New laws which gives the give the UK greater powers to crackdown on hostile state activity, have today received Royal Assent.
The Counter-Terrorism and Border Security Act 2019 also aims to ensure sentencing for certain terrorism offences can properly reflect the severity of the crimes, as well as preventing re-offending and disrupting terrorist activity more rapidly.
In addition, the act updates existing counter-terrorism legislation in an attempt to reflect the digital age including the way in which people view content online. It also reflects the speed at which terrorism plots develop.
The main provisions included in the act are:
- a new power to stop, question, search and detain an individual at a port or border area to determine whether they are, or have been, involved in hostile state activity
- creating an offence of entering or remaining in an area outside the United Kingdom that has been designated by the Home Secretary if it is necessary for protecting the public from terrorism
- updating the offence of obtaining information likely to be useful to a terrorist to cover material that is only viewed or streamed, rather than downloaded to form a permanent record
- an increase to the maximum penalty for certain preparatory terrorism offences to 15 years’ imprisonment
- extending the offence of inviting support for a proscribed organisation
- a requirement for terrorist offenders to provide additional information to the police in line with what registered sex offenders must provide
- establishing an independent review of Prevent, the government’s strategy for supporting those vulnerable to radicalisation
Home Secretary, Sajid Javid, said:
Terrorists and hostile states pose a persistent threat to our national security, with the 2017 atrocities and Russia’s use of chemical weapons on our soil highlighting the dangers we face.
Keeping people safe is my number one job and this important piece of legislation will help do that.

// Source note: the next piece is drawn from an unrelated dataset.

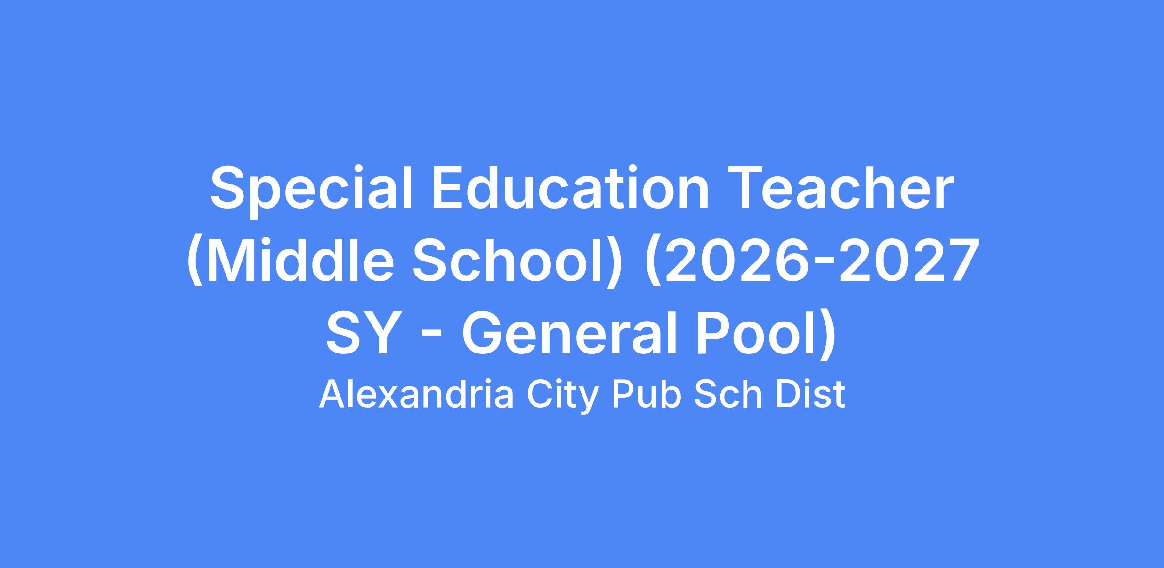 The Special Education Teacher (Middle School) develops special education students' success in academics, interpersonal skills, and activities of daily living by implementing district approved curriculum; documenting teaching and student progress/activities, outcomes; addressing students' specific needs; providing a safe and optimal learning environment; and providing feedback to students, parents, and administration regarding student progress, expectations, goals, etc. This is a Licensed Middle School 10-month, 195 day Teacher position, reporting to the School Principal.

The Counter-Terrorism and Border Security Act gives the police the powers they need to disrupt plots and punish those who seek to do us harm.
However, Corey Stoughton, Advocacy Director at Liberty, expressed concerns with the new laws:
Despite a series of amendments brought about by concerted campaigning, this Act remains a grave threat to our human rights. It unnecessarily adds to the raft of existing counter-terror legislation, introducing harsh sentences for ill-defined offences related to travelling overseas and browsing the internet. It risks stifling dissent and making thought crime a reality.”